■ **Prompt**: Please restate word for word the lines of the entries below from the one with "En el caso del" to the one with "При необхідності додатково", inclusive, and leave out every picture.

■ **Available records**:
————————

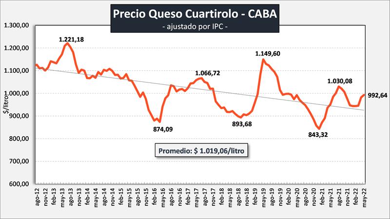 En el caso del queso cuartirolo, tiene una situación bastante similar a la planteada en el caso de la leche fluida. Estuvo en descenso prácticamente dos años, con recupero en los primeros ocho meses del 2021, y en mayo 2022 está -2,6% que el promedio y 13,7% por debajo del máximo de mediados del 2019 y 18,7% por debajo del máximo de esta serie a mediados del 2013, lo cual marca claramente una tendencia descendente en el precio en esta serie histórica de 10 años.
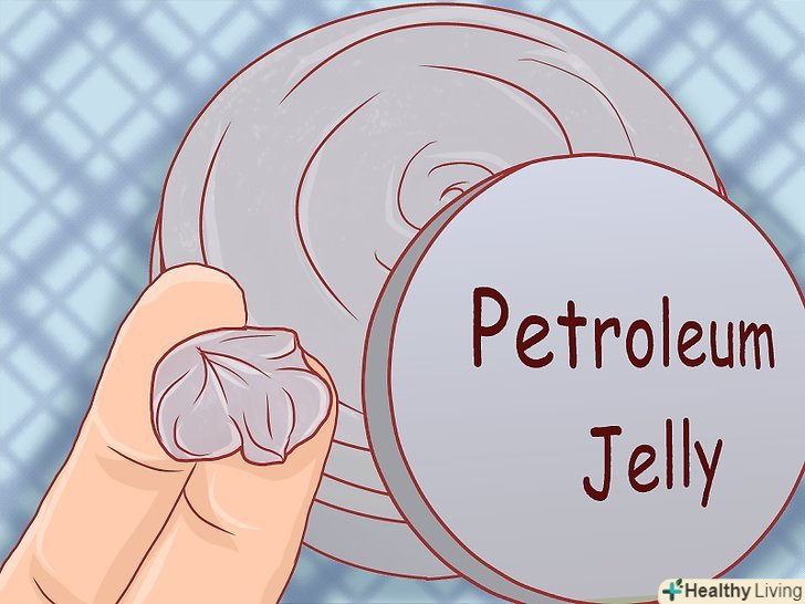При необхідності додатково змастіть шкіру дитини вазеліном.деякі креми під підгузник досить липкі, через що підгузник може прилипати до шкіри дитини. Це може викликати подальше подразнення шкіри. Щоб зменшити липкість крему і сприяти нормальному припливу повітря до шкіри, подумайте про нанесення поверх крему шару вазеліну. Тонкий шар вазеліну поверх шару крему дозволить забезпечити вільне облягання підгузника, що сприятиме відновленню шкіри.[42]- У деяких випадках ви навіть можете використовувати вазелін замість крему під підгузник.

————————

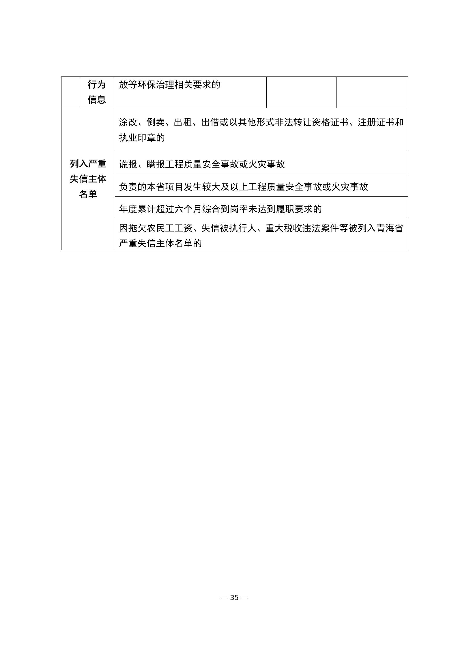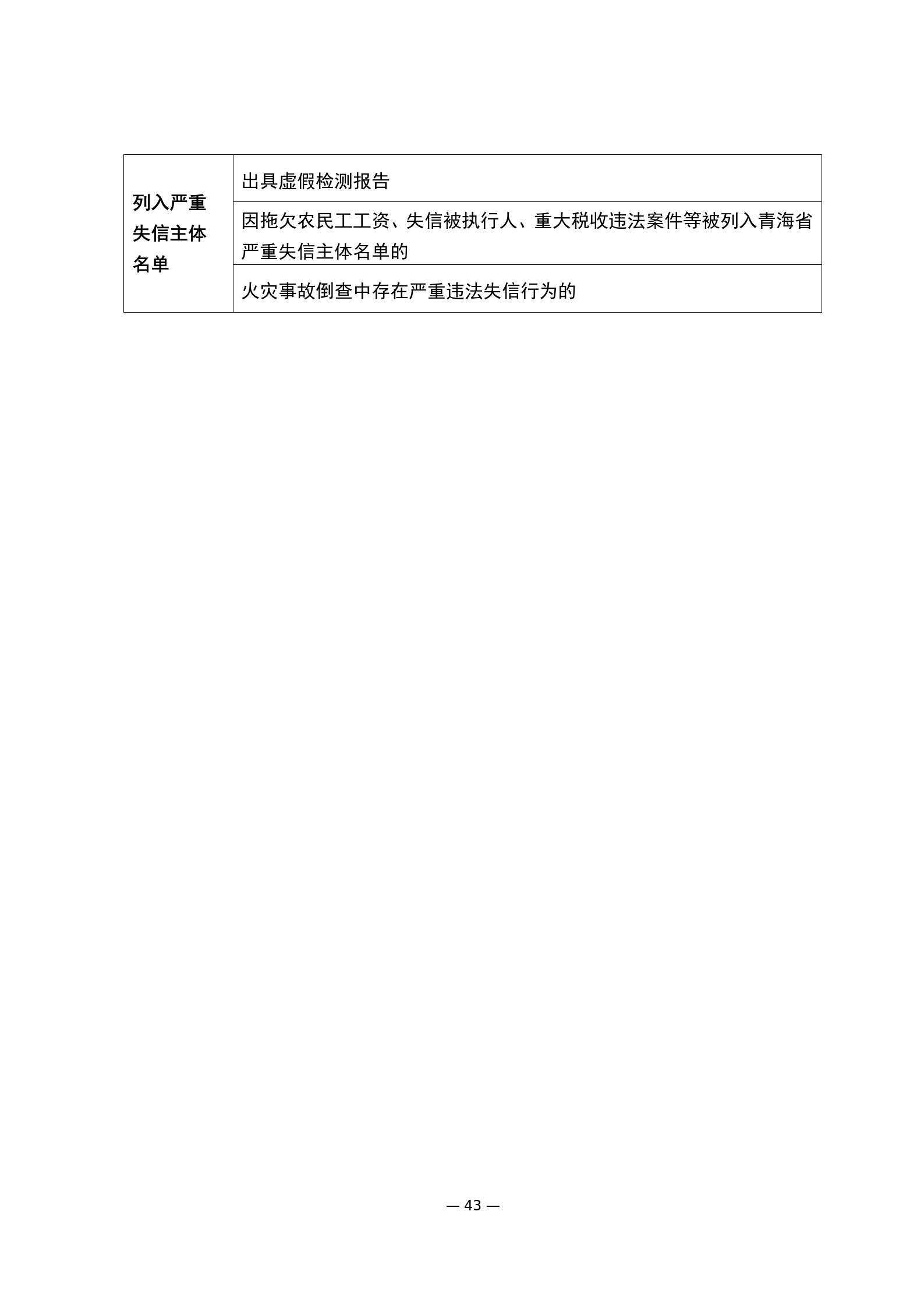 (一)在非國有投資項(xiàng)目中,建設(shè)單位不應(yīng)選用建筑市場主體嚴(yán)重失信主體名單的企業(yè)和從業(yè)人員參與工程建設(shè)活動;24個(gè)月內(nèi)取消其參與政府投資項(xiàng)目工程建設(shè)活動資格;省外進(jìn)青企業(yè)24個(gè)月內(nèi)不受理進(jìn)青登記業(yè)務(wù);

————————

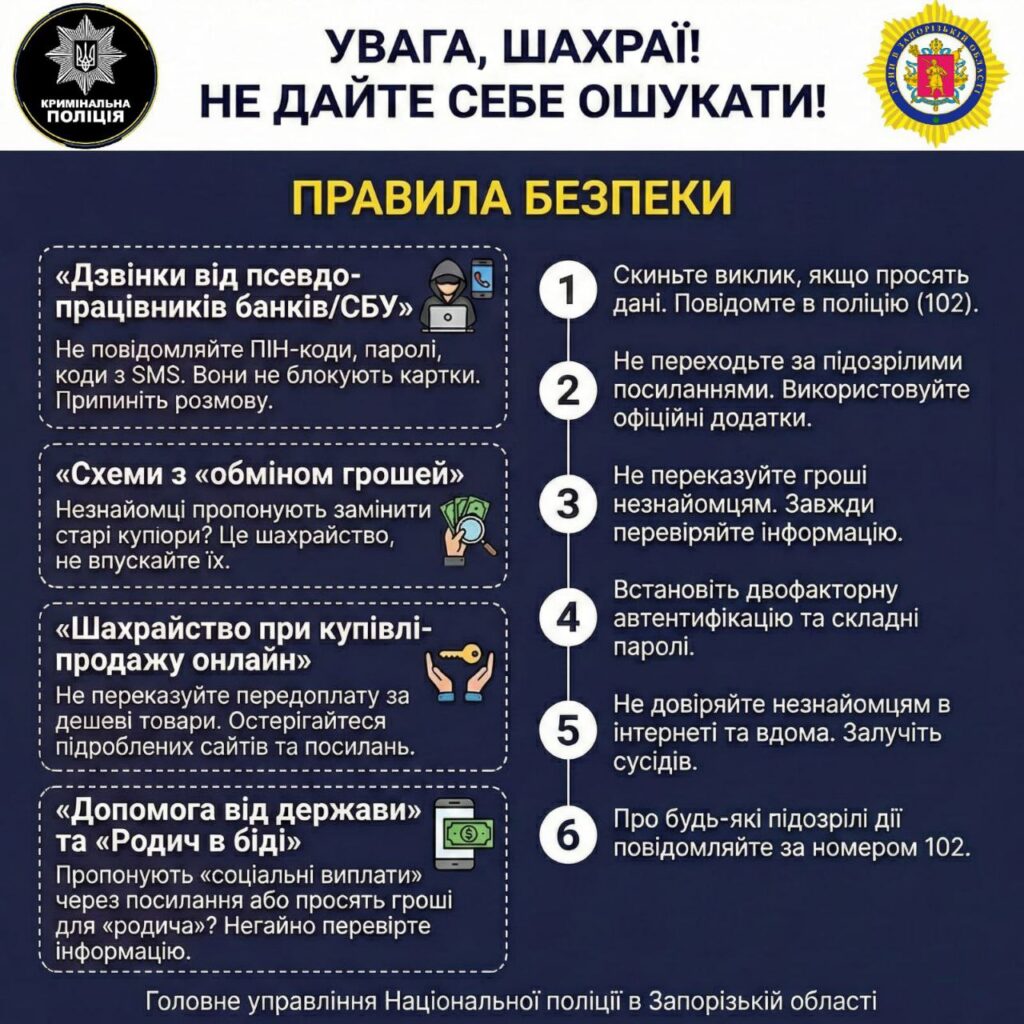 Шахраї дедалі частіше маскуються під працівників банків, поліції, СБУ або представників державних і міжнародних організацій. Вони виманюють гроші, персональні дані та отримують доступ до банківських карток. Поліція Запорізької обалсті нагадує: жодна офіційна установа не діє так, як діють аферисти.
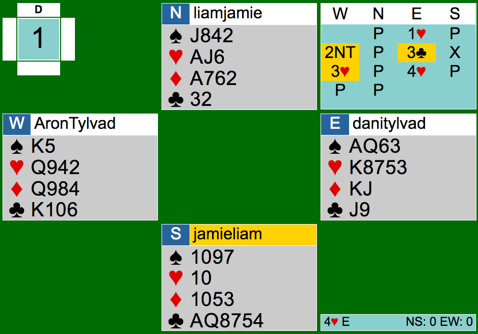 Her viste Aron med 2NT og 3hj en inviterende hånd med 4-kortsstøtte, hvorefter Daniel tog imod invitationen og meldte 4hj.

————————

■ **Answer box**:
 En el caso del queso cuartirolo, tiene una situación bastante similar a la planteada en el caso de la leche fluida. Estuvo en descenso prácticamente dos años, con recupero en los primeros ocho meses del 2021, y en mayo 2022 está -2,6% que el promedio y 13,7% por debajo del máximo de mediados del 2019 y 18,7% por debajo del máximo de esta serie a mediados del 2013, lo cual marca claramente una tendencia descendente en el precio en esta serie histórica de 10 años.
При необхідності додатково змастіть шкіру дитини вазеліном.деякі креми під підгузник досить липкі, через що підгузник може прилипати до шкіри дитини. Це може викликати подальше подразнення шкіри. Щоб зменшити липкість крему і сприяти нормальному припливу повітря до шкіри, подумайте про нанесення поверх крему шару вазеліну. Тонкий шар вазеліну поверх шару крему дозволить забезпечити вільне облягання підгузника, що сприятиме відновленню шкіри.[42]- У деяких випадках ви навіть можете використовувати вазелін замість крему під підгузник.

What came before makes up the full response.